RECORDS PROVIDED —
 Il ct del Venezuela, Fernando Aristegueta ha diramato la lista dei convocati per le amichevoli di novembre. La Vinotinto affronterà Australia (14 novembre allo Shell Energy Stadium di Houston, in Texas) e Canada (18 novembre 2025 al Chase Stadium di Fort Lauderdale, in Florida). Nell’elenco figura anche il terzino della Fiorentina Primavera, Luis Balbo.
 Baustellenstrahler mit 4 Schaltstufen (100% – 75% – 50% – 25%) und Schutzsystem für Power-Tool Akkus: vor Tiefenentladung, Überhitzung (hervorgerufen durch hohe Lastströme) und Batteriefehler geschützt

* * *

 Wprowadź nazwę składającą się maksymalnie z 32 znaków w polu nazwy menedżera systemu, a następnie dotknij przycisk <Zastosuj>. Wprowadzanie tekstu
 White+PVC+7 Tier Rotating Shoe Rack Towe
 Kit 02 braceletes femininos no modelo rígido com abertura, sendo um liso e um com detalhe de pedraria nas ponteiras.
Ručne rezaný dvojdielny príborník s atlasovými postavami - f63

WHAT IS BEING ASKED — In the records above, find the line with "Wprowadź nazwę składającą"; write out exactly that line and each one after it, stopping after the line with "White+PVC+7 Tier Rotating Shoe Rack Towe".

EXERCISE OUTPUT —
 Wprowadź nazwę składającą się maksymalnie z 32 znaków w polu nazwy menedżera systemu, a następnie dotknij przycisk <Zastosuj>. Wprowadzanie tekstu
 White+PVC+7 Tier Rotating Shoe Rack Towe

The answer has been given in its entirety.